A ferida era muito feia. Provavelmente não sobreviveria mais
que algumas horas. Não lhe restava forças para se recuperar e a grande ironia
era que ele não queria realmente se salvar. Deparara-se com o grande anátema de seu
destino, o gatilho maligno da profecia que o levaria a morte. Parecia
extremamente natural que simplesmente aceitasse isso.
O beco escuro e sujo não era o sonho de funeral para ninguém,
e um precursor da morte como ele merecia algo épico, memorável. No fim, não
restava muito, só as memórias dos inúmeros assassinatos e a decepção que
causaria a tantos que juraram vingança a ele. A marca doía muito no pulso, quase
tanto quanto as perfurações de faca. A marca pedia para ser transmitida, era
preciso escolher o herdeiro de seu legado, e não restara ninguém com quem se
importasse no mundo. Escolheria alguém quase que aleatoriamente, seguindo premissas
instintivas. Esquadrinhava os bandidos e os sem teto pelos quais passava em
busca de um brilho no olhar, um sinal sutil que lhe indicasse que seria ao
menos interessante tragá-lo para o estranho mundo da escuridão.

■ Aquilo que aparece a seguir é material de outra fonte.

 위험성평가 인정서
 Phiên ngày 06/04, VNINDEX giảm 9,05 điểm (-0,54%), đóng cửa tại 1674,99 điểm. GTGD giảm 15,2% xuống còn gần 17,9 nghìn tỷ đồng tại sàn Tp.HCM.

Aquele ato final não seria muito diferente de sua vida até
então. Transmitir a tatuagem e os poderes relacionados a ela não era um
presente nobre, apenas mais uma forma de levar alguém a morte prematura. A
morte dele era advinda da marca, e lhe parecia extremamente precoce! Condenar,
abençoar, obrigar, favorecer... Ele não conseguia decidir exatamente o que
significaria transmitir aquilo a alguém. Convivera com alguns jovens envolvidos
com a escuridão, alguns de certa forma até poderiam ser considerados seus
pupilos. Lembrava-se da criança chinesa e sua forma diferente de pensar, do
velho necromante inglês e sua estranha relação com o irmão mais novo também
envolvido com estranhas feitiçarias do sangue. Lembrava-se da escocesa fria e
do assassino italiano. Gostara muito dessas pessoas, eram todos merecedores
daquela força. Mas, cada um a seu modo, já estavam demasiadamente envolvidos
naquilo tudo, o legado não tomaria parte principal em suas vidas, seria um
adendo, uma característica de segundo plano. Mesmo moribundo ele não queria
isso, o poder merecia papel principal. Merecia mudar alguém tanto quanto mudara
ele mesmo.
A dor era tanta que se encostou na parede para ajudar a se
concentrar na própria respiração. Sua jaqueta ainda era capaz de esconder os
ferimentos, e a penumbra daquele gueto disfarçavam bem todo o sangue em suas
roupas.
— ‘E ae, chegado, tá querendo da boa?’ — Ele conseguira a
atenção de um traficante. — ‘Tu parece tá precisando mesmo!’.
Mas aquele traficante não tinha nada de especial. Nenhum
brilho nos olhos, nenhum sinal. Nem mesmo se estivesse gozando de plena saúde
se daria ao trabalho de matá-lo.
— Não. ‘Chegado’, eu não quero. Só me deixe em paz! —
Manteve a voz o mais firme possível. Se houve algum tremor, seria tido como o
efeito ou a abstinência de alguma droga.
— Ei, o que você tem ai? — Um usuário aproximara-se e
interrompera-os. — E quanto tem de cada?
Eis então, o brilho. Aquele drogadinho, aquele moleque tinha
nos olhos algo que chamava a atenção. Algo que merecia o legado!
Jerricald desabotoou o coldre e destravou a arma.